The Priestly Blessing in Light of the Murders of George Floyd and Breonna Taylor

When we face the anguish and anger that are prompted by immediate events, it is incredibly challenging to make the words of our tradition feel meaningful. What can we do with Birkat Kohanim, the Priestly Blessing? This is taken from a Shabbat service in June 2020 that May Ye led soon after the murder of George Floyd.

Yevarekhekha Adonai veyishmerekha

Ya’er Adonai panav eilekha vikhuneka

Yisa Adonai panav eilekha veyasem lekha shalom

May God bless you and protect you.

May God shine God’s face upon you and show favor to you.

May God turn God’s face to you and grant you peace. (Numbers 6:24-26)

In our communities, we offer this blessing to each other at b’nei mitzvah, at the High Holidays. Our relationships with the Divine differ. Our beliefs (and non-beliefs) about God vary. I hold as true that each of us holds a spark of divinity within us.
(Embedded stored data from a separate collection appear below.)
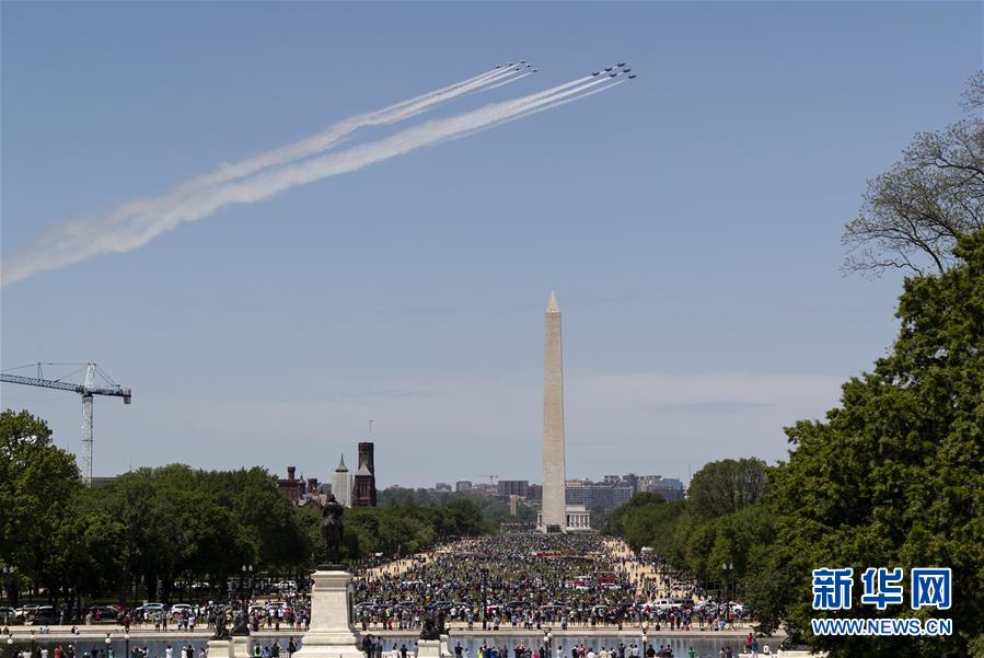 5月2日,“雷鸟”和“蓝天使”飞行表演队编队飞过美国首都华盛顿上空。 当日,美国空军“雷鸟”飞行表演队和海军“蓝天使”飞行表演队编队飞过华盛顿及周边区域,向抗击新冠疫情一线的医护人员和关键行业员工致敬。 新华社发(沈霆摄)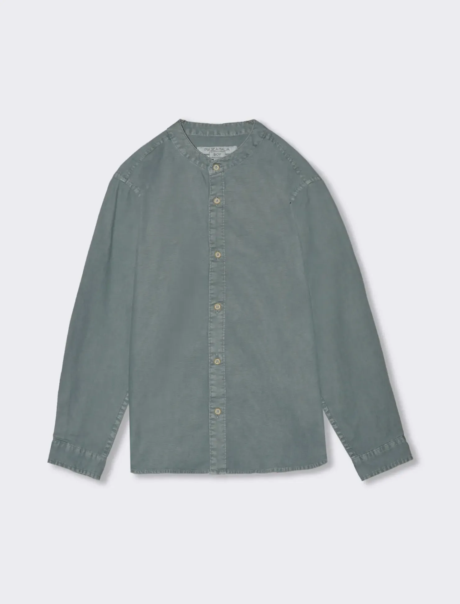 Camicia con collo collo coreano, realizzata con una speciale tintura a freddo che conferisce un aspetto unico e originale. Il design semplice e raffinato la rende ideale per completare un look casual e informale, perfetta per le giornate in città o per un incontro tra amici. Realizzata con materiali morbidi e traspiranti, offre comfort e libertà di movimento, rendendola un capo versatile da abbinare a jeans o pantaloni leggeri. Il prodotto è di colore Grigio cenere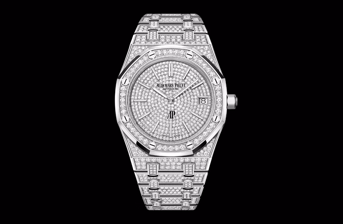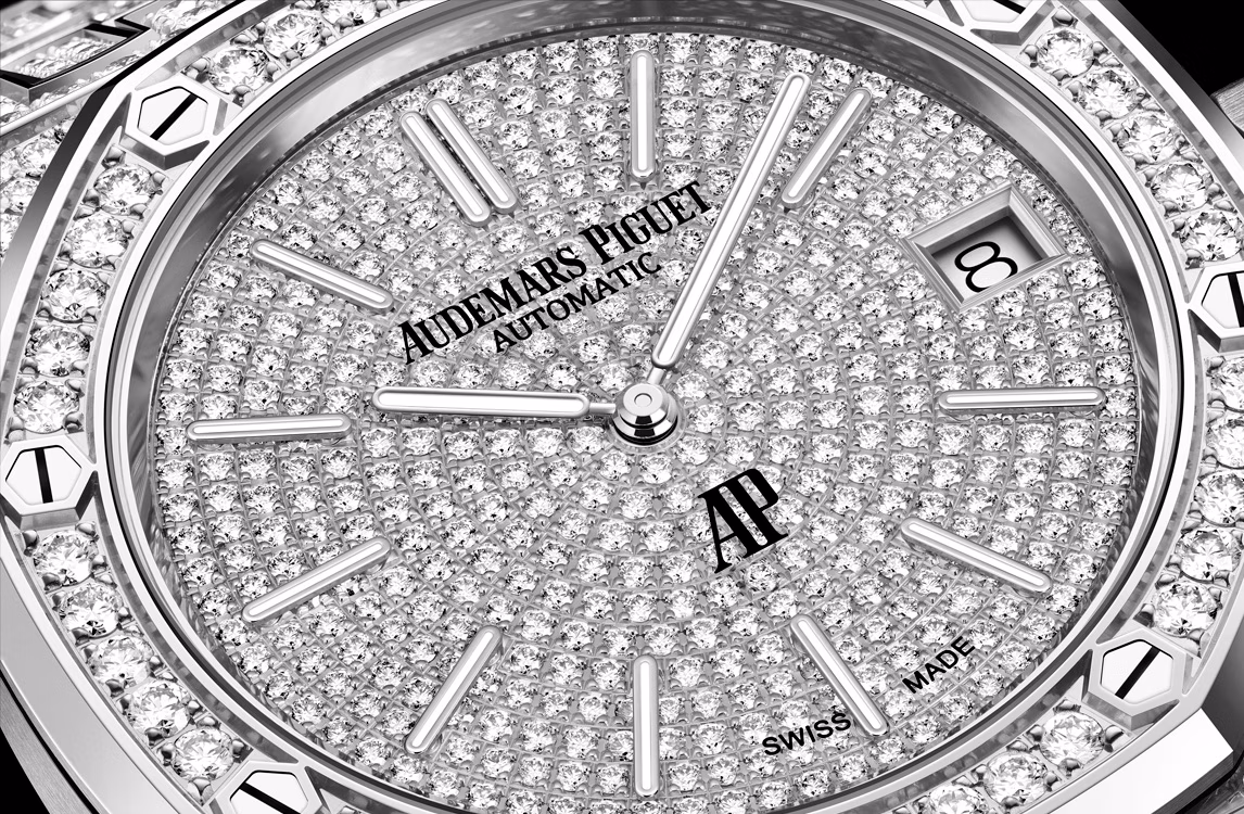 Esfera de oro blanco de 18 quilates, engastada con diamantes de talla brillante, índices aplicados de oro blanco, agujas Royal Oak de oro blanco con revestimiento luminiscente.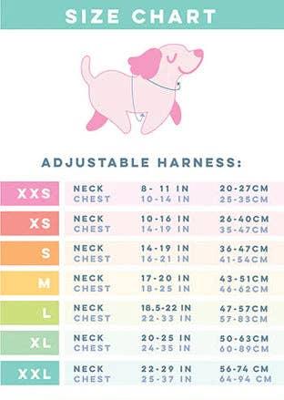 Adjusts at the neck and chest for the perfect fit. Pair this harness with our matching leash!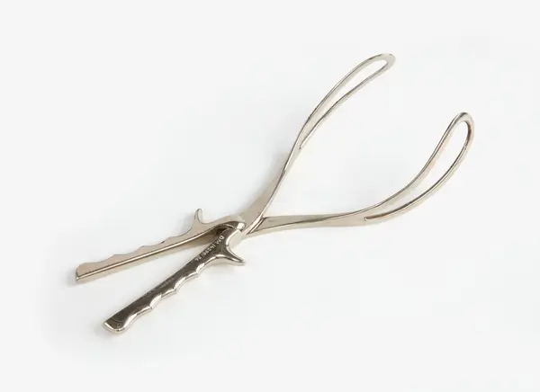 Förlossningstång av järn med ytskikt av vit metall. Fabrikstillverkad.

We are powerful and holy beings.

In a moment, I will invite us all to take a breath together. We will take a breath because it is something that we all share. We read in our morning liturgy: Elohai neshamah shenatata bi tehorah hi, “My God, the breath you have placed within me is pure.” Dear community of mine, your breath is Divine, your breath is holy, your breath is a right. In recent days, George Floyd, Breonna Taylor and other Black people have violently had their breath taken from them. The breath of our Black siblings has been taken by police, by Covid-19 and by environmental racism. We join together in a breath now to center us and remind us of what connects all life. We take a breath now to honor the breath that no longer is. May the memories of George and Breonna and all those unnamed be for a blessing.

And now, I will attempt to offer a few words of blessing inspired by the Priestly Blessing. But let me first say how challenging it feels to find words that might possibly be sufficient — how it actually doesn’t feel like there are words. I’m struggling with my tradition, and I’m wrestling with my Torah. Torah doesn’t feel sufficient in this moment. I don’t know that that my Torah can articulate what needs to be said in this moment. Alas, I will quote its holy words and pray that for some, these words are enough.

Yevarekhekha Adonai veyishmerekha

To my Black and brown siblings, may the Divine bless you and protect you. May your anger and your pain be blessed. May your exhaustion and your tiredness be blessed. May your voice be blessed and may your feet be blessed. May your knees on the concrete be blessed and hands in the air be blessed. May your breath be protected, and your life.

Ya’er Adonai panav eilekha vikhuneka

May the Divine turn their face upon you and show favor to you. May your melanated skin know the favor of the Divine. May the Divine show favor to you in every single encounter you have. May the Divine show favor to you because you are an incredibly holy vessel and powerful human being that has abundance to share with this world you inhabit. May the Divine show favor to you, my Black and brown siblings, protecting you from all evil.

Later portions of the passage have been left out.